6

I'm trying to scale the x axis of a plot with math.log(1+x) instead of the usual 'log' scale option, and I've looked over some of the custom scaling examples but I can't get mine to work! Here's my MWE:

import matplotlib.pyplot as plt
import numpy as np
import math
from matplotlib.ticker import FormatStrFormatter
from matplotlib import scale as mscale
from matplotlib import transforms as mtransforms

class CustomScale(mscale.ScaleBase):
    name = 'custom'

    def __init__(self, axis, **kwargs):
        mscale.ScaleBase.__init__(self)
        self.thresh = None #thresh

    def get_transform(self):
        return self.CustomTransform(self.thresh)

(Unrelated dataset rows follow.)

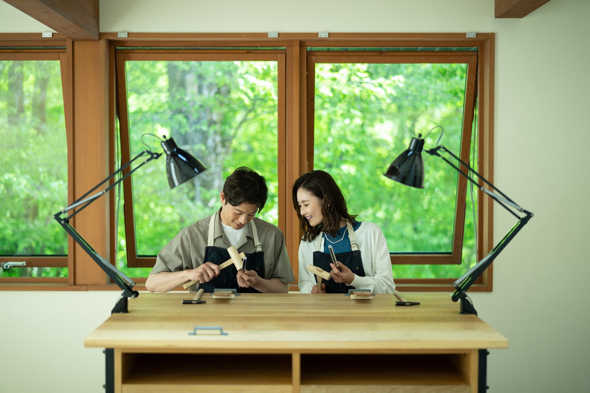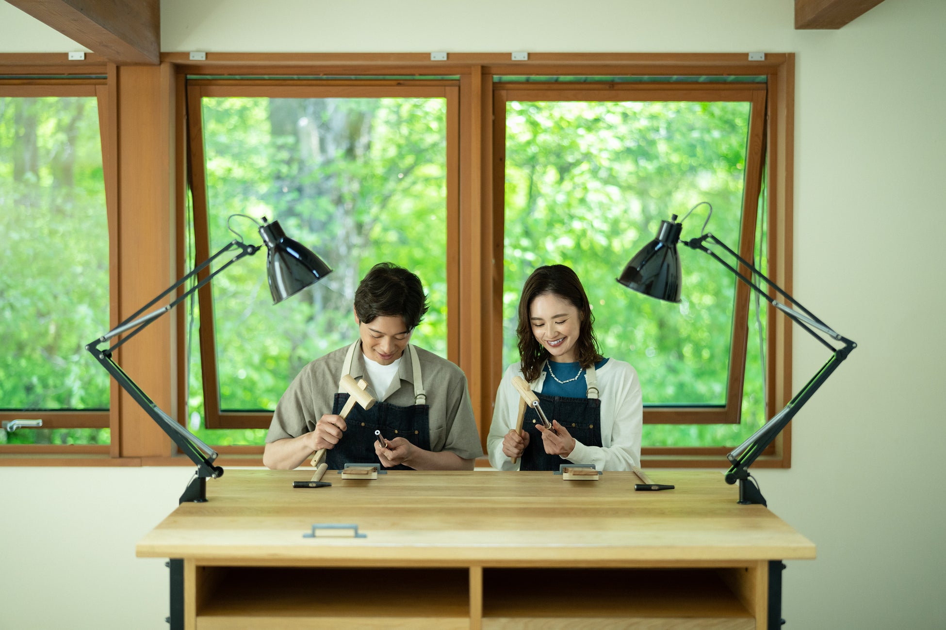 CRAFY・gläntaは、指輪作りの「時間」や「思い出」に価値を置き、人生における特別な時間となるような体験を提供しています。CRAFY・gläntaのそのような想いと「人生において何度でも訪れたくなる、特別な場所でありたい」という軽井沢星野エリアの想いが一致し、この度、ハルニレテラスでの出店に至りました。CRAFY・gläntaはハルニレテラス唯一の2階の店舗であり、湯川を見下ろす眺望や天井の窓から注ぐ陽の光も魅力です。木々に囲まれ、四季折々の自然を感じながら、穏やかな気持ちで制作に没頭することができます。制作した指輪を日常の中で見るたびに軽井沢での景色や体験を思い出し、何度も訪れたくなる特別な場所となることを願っています。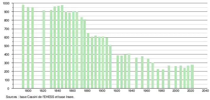 L'évolution du nombre d'habitants est connue à travers les recensements de la population effectués dans la commune depuis 1793. Pour les communes de moins de 10 000 habitants, une enquête de recensement portant sur toute la population est réalisée tous les cinq ans, les populations de référence des années intermédiaires étant quant à elles estimées par interpolation ou extrapolation[21]. Pour la commune, le premier recensement exhaustif entrant dans le cadre du nouveau dispositif a été réalisé en 2006[22].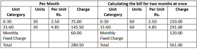 Electricity consumer who uses up to 60 units per month will be charged as follows when issuing electricity bills for two months at once.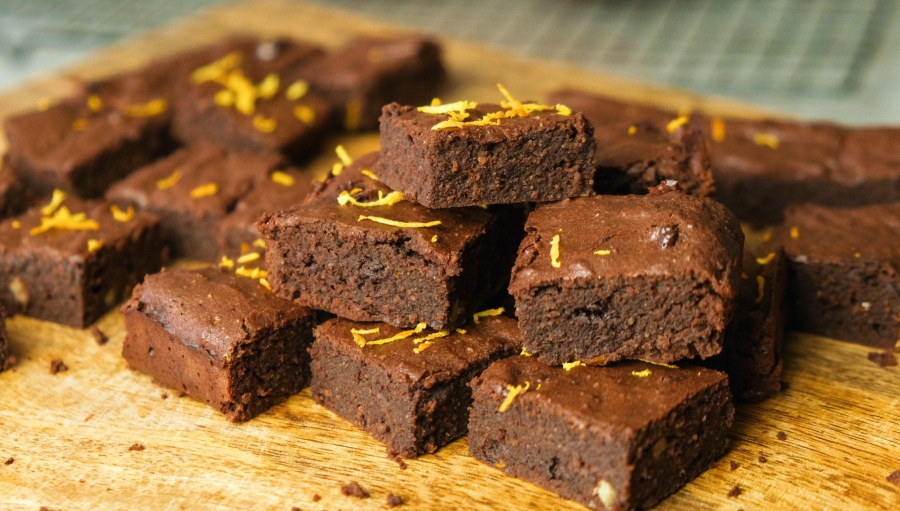 Niall Kirklands chokladbrownies med apelsin är enkelt att fastna för och resultatet är mer än värt det. Han använder sig av en stor mängd mörk choklad med apelsinsmak och kakaopulver för att ge dem en rik och mörk smak, tillsammans med lönnsirap för att ge en naturlig sötning och lite apelsinzest för en fräsch citrussmak. Himmelskt gott.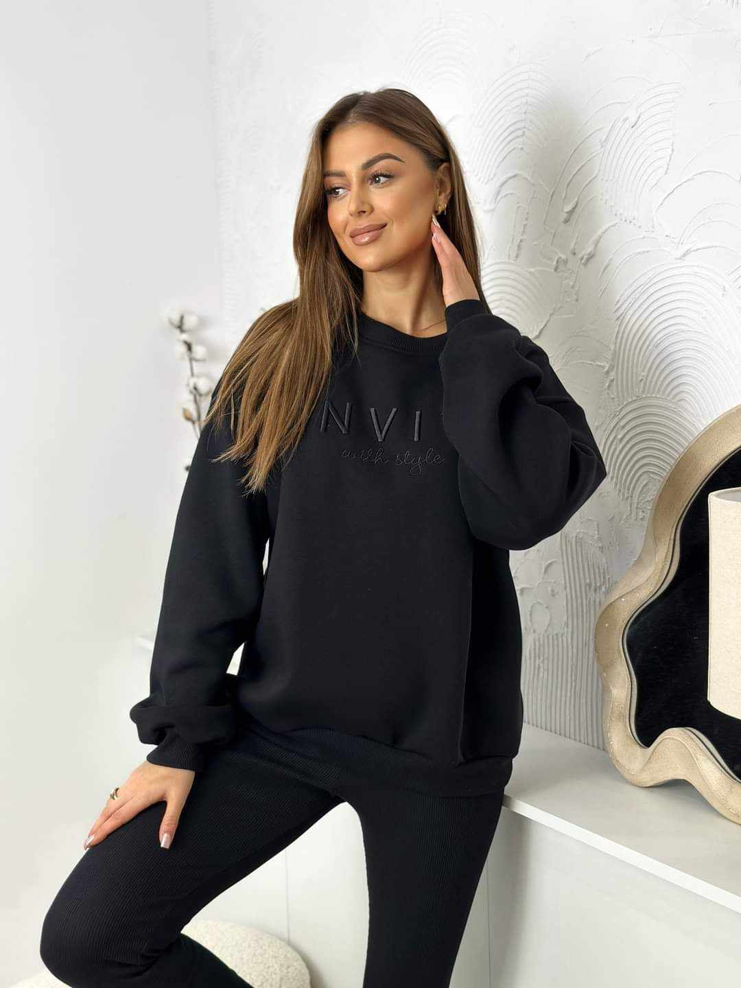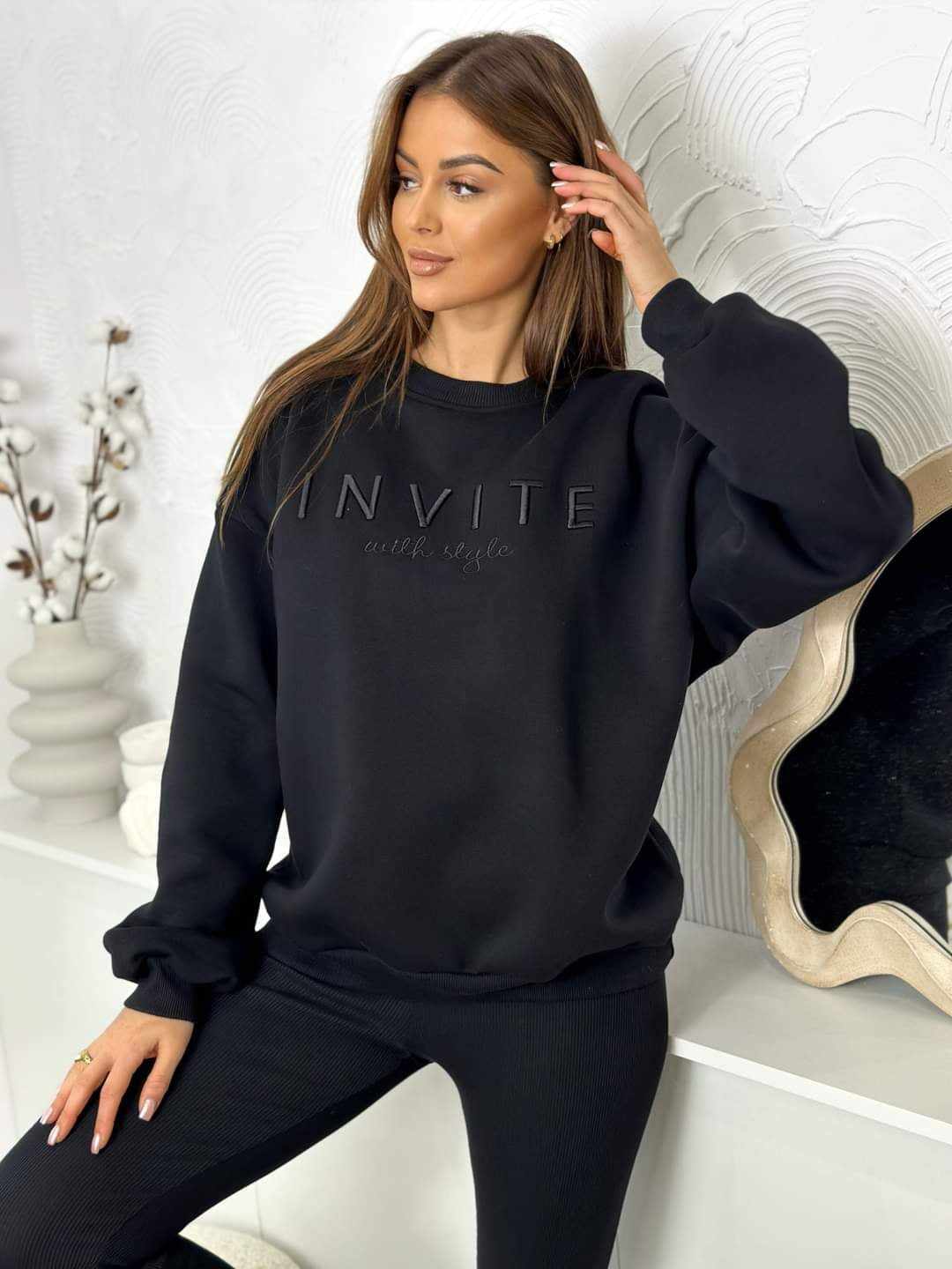 Czarny kolor dodaje elegancji ,a luźny fason bluzy nadaje swobodnego charakteru całej stylizacji.

    def set_default_locators_and_formatters(self, axis):
        pass

    class CustomTransform(mtransforms.Transform):
        input_dims = 1
        output_dims = 1
        is_separable = True

        def __init__(self, thresh):
            mtransforms.Transform.__init__(self)
            self.thresh = thresh

        def transform_non_affine(self, a):
            return math.log(1+a)

        def inverted(self):
            return CustomScale.InvertedCustomTransform(self.thresh)

    class InvertedCustomTransform(mtransforms.Transform):
        input_dims = 1
        output_dims = 1
        is_separable = True

        def __init__(self, thresh):
            mtransforms.Transform.__init__(self)
            self.thresh = thresh

        def transform_non_affine(self, a):
            return math.log(1+a)

        def inverted(self):
            return CustomScale.CustomTransform(self.thresh)

# Now that the Scale class has been defined, it must be registered so
# that ``matplotlib`` can find it.
mscale.register_scale(CustomScale)

z = [0,0.1,0.3,0.9,1,2,5]
thick = [20,40,20,60,37,32,21]

fig = plt.figure(figsize=(8,5))
ax1 = fig.add_subplot(111)
ax1.plot(z, thick, marker='o', linewidth=2, c='k')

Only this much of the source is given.